原文入力:2011/07/07 10:28(3207字)
朴露子(バク・ノジャ、Vladimir Tikhonov)ノルウェー、オスロ国立大教授・韓国学
まもなく200日を迎えようとしているキム・ジンスク指導委員のクレーン高空籠城を見守りながら常に感じることが一つあります。思考や情緒は十分に共有できてもキム・ジンスク先生のように「行動」はできない私のような人間は果して有意義な人生を送っているのかということへの懐疑です。
私の先祖の大多数を育ててきたユダヤ教の文化もそうですし、朝鮮半島の文化も「学問」に対してはほとんど絶対的といえる価値を置いています。1970年代の東一紡織の女工たちの叫びを覚えていますか。「いくら教育を受けていないからって、糞を食べては生きていけない!」ここで重要なことは、「教育を受けていない」という前提です。個人の意志の問題ではなく、あくまで社会的環境の問題であるにもかかわらず、「教育を受けていない人」は始めから「教育を受けた人々」の支配するこの社会に引け目を感じるようになっています。
この社会を支配する高級官僚、企業のオーナーや役員たちの多くは国内外の「名門大」の立派な学位を持っており、彼らを知的に支えたり助けたりする専任職の教授集団もやはり約40%が立派な「外国産の学位」を持つ人々です。支配者たちの最も頼っているスカイ(SKY:ソウル・高麗・延世)大学の商経・社会系列の教授集団ならば、「名門中の名門」であるアメリカの大学で「学位」を取り、流暢な内地語で武装した人々の割合はなんと80~90%に上ります(たとえばソウル大の経営学部は89%です)。開化期や朴正煕時代の掛け声どおり「知識は国力」であるとすれば、韓国は今や世界最強の国家になっていてもおかしくありません。植民地母国の「認証書」付きの知識の保有と支配/統治との関係が正確に重ねられているからです。上層部は「検証済み」の知識を確固たる支配の名分として、また極めて有効な支配道具としていますが、下々の人々までがこの体制で何とか生き残ろうと借金をしてでも子供たちに絶望的に内地語を習わせています。
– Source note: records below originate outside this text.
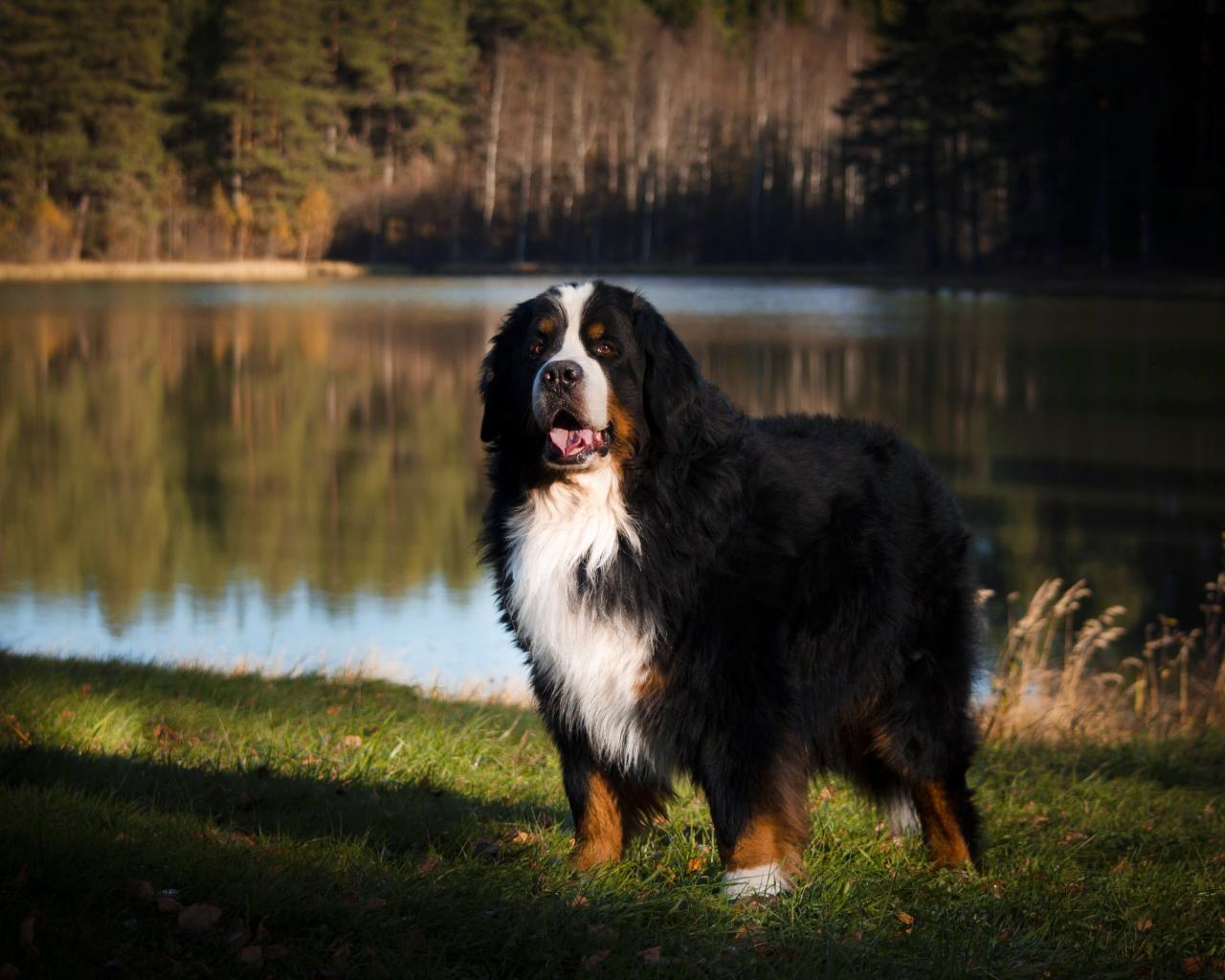 Wallpaper Bernese Mountain Dog on green grass by the water
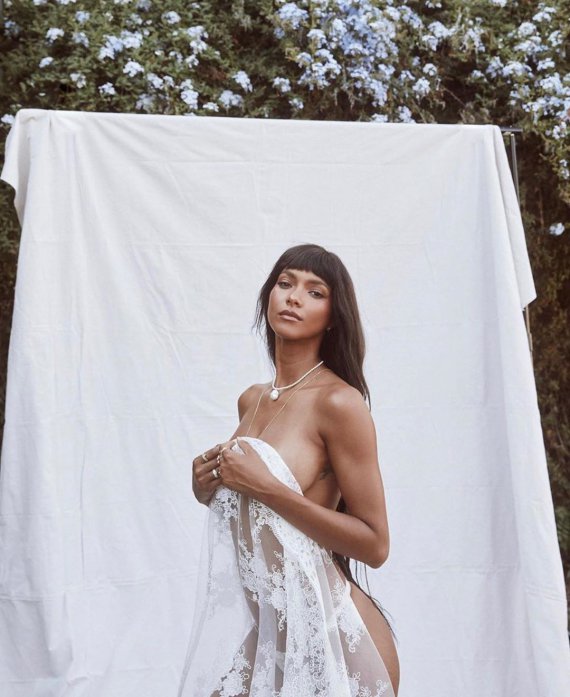 На серії знімків сексуальна модель позує лише в білих трусиках, прикриваючи оголені груди мереживною напівпрозорою тканиною. Також зірка одягнула намисто.
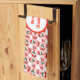 Festive Christmas pattern featuring red stockings, holly leaves, berries, and snowflakes.
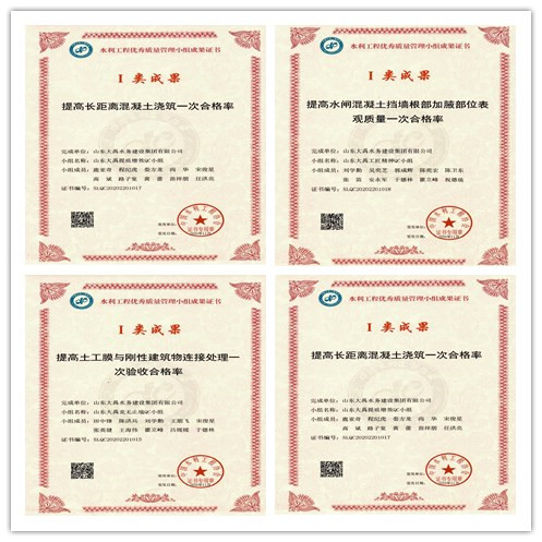 本次水利工程優(yōu)秀質(zhì)量管理小組成果評(píng)價(jià),全國(guó)共申報(bào)1006項(xiàng)成果,涉及水利施工、設(shè)計(jì)、監(jiān)理、咨詢等單位。經(jīng)專家組初審、復(fù)審、現(xiàn)場(chǎng)評(píng)價(jià)等環(huán)節(jié),最終確定701項(xiàng)水利工程優(yōu)秀質(zhì)量管理小組獲獎(jiǎng)。其中一類成果216項(xiàng),二類成果356項(xiàng),三類成果189項(xiàng)。大禹集團(tuán)本次申報(bào)的7項(xiàng)成果,其中《提高六棱預(yù)制板外觀質(zhì)量合格率》等四項(xiàng)課題榮獲一類成果,《提高混凝土外觀優(yōu)良率》等三項(xiàng)課題榮獲二類成果。
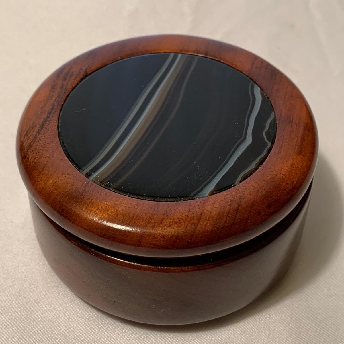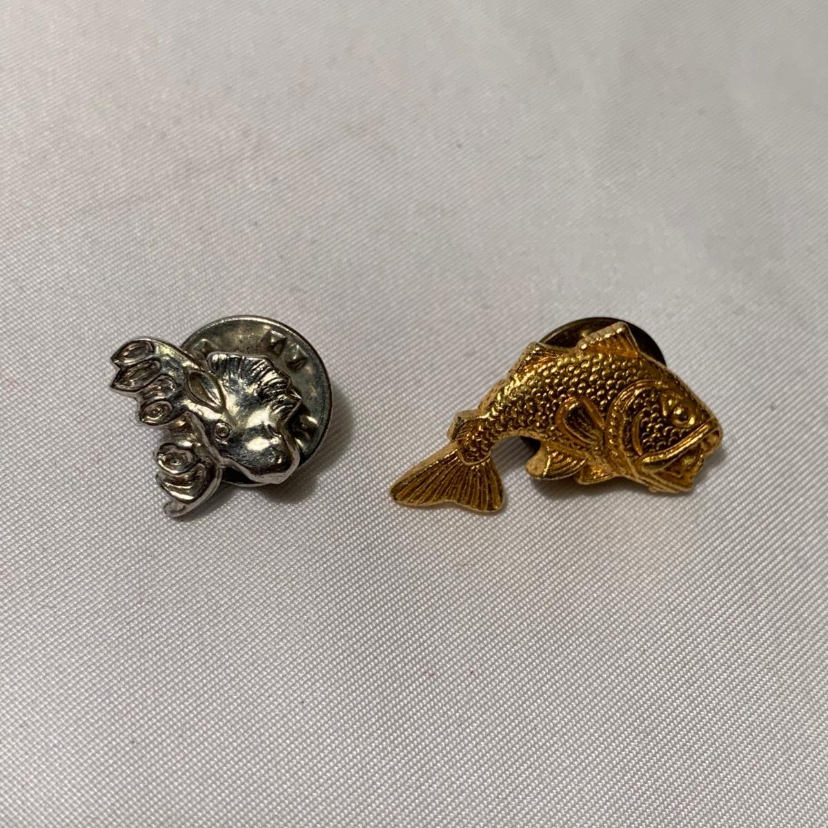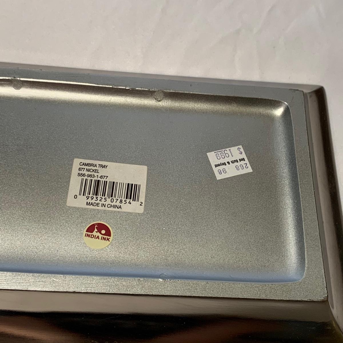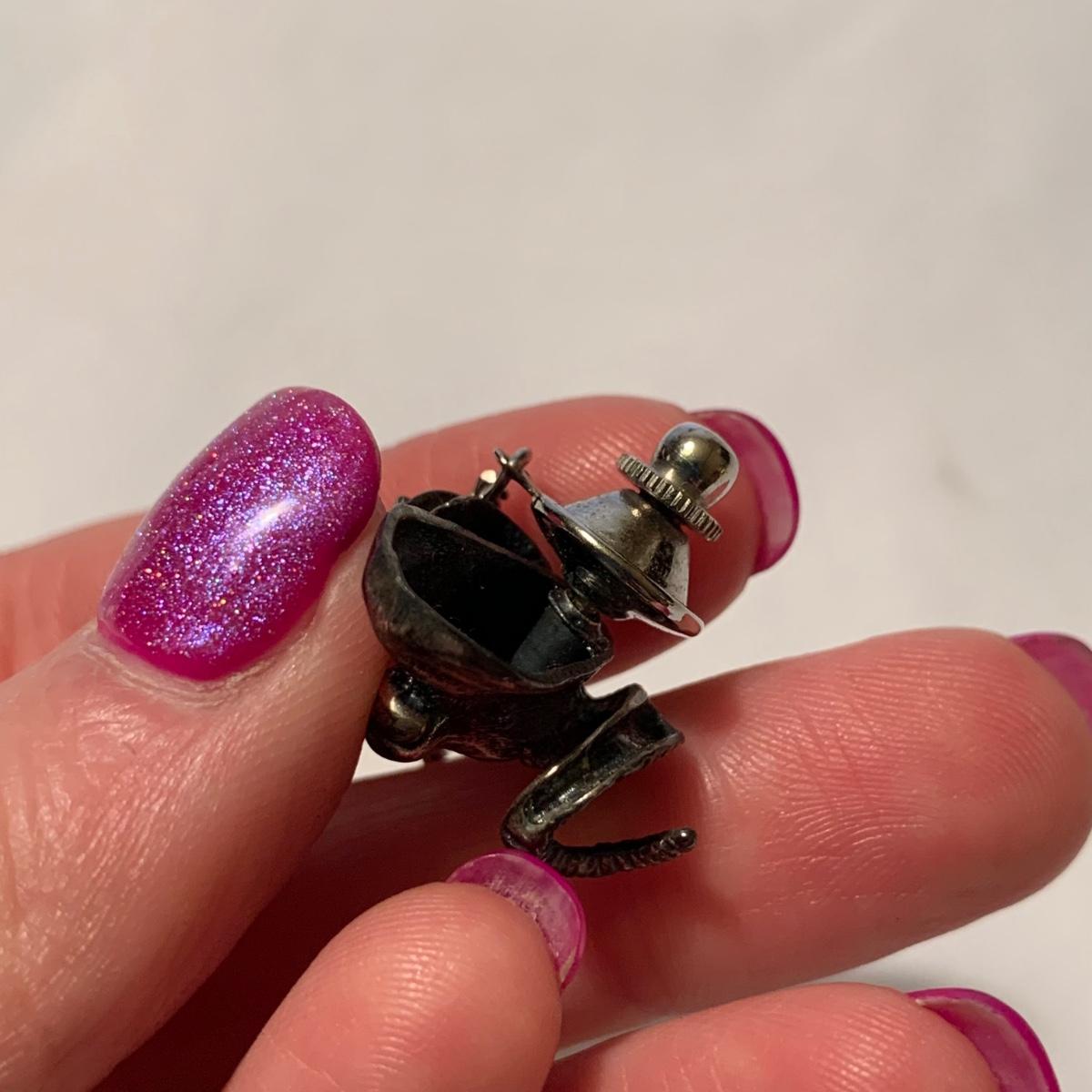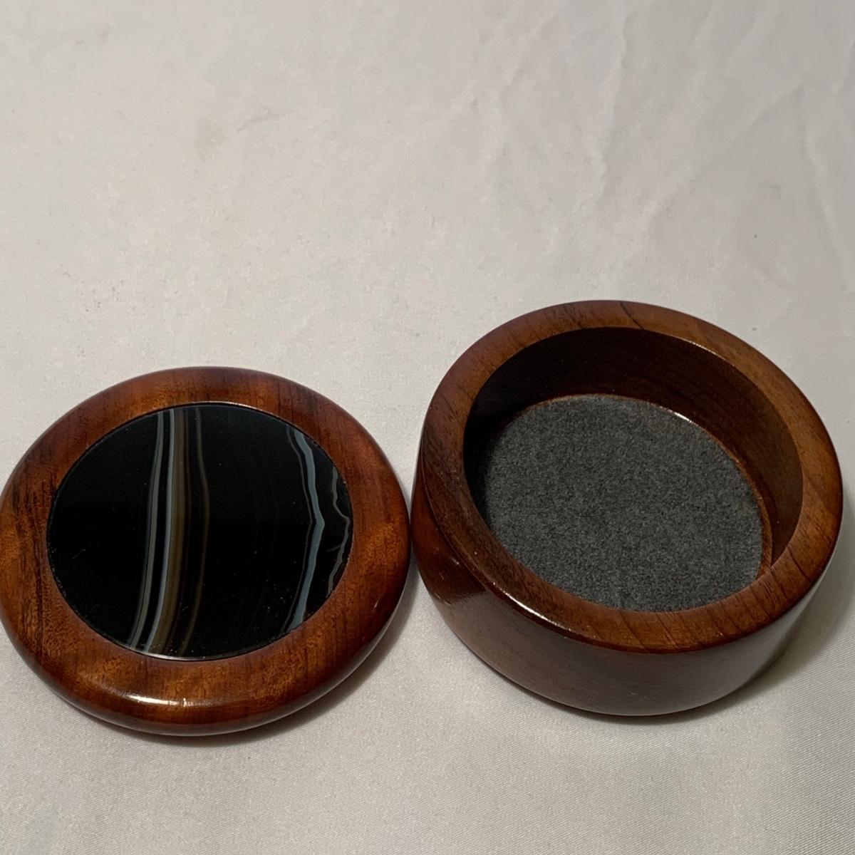 A vintage dresser caddy with a change scoop. Caddy feels like it’s leather and has a soft red inner lining. It measures 11.5” x 8” x 1.5”. It is used and shows some wear and dust inside. Two unique tie tacks and two animal pins. Two pocketknives, both with a little rust. One pair of vintage ornate tweezers. A small rectangular jewelry case that appears to be unused. A small round lidded Brazilian made wooden box and a nickel colored cambria tray. Shipping available.
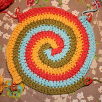 Из мотивов. Для создания коврика сначала вяжут отдельные элементы любой формы (круги, ромбы, квадраты, треугольники) из разной пряжи, а затем соединяют вместе.

日帝末期に朝鮮人の中で当時の内地語であった日本語を話せる者は約15%でしたが、今日では直接的な植民統治ではない「間接統治」の状況であってもほぼ同じ程度に新しい内地語である英語を話せる者が増えています。
ところが、ここで一つの問題があります。(支配体制の必要とする)知識で人生の明暗が決まるこの大韓民国は、果してより非暴力的な社会になっているのでしょうか。最近、柳成企業の労働者たちに対する警察の対応ぶりを見ただけでも、まったく違うということはすぐに分かります。柳成企業の場合も然り、韓進重工業の場合も然りですが、資本に向かって「敢えて」行動的に権利を主張する労働者たちに戻ってくるのは1990年代と同様の源泉封鎖、不法連行、超強硬鎮圧、殺人的損賠訴訟、そして用役どもによる有無を言わせぬ暴力です。1980年代と比べても拷問が消えたこと以外にはたいした相違はないように思います。知識に満ち溢れ、最早ほとんど「余剰」になっているほどに知識に頼っている社会であるにもかかわらず、暴力性のレベルは簡単には変えられません。ということは、知識だけでは社会を改善させることはできないと見なければならないということではないでしょうか。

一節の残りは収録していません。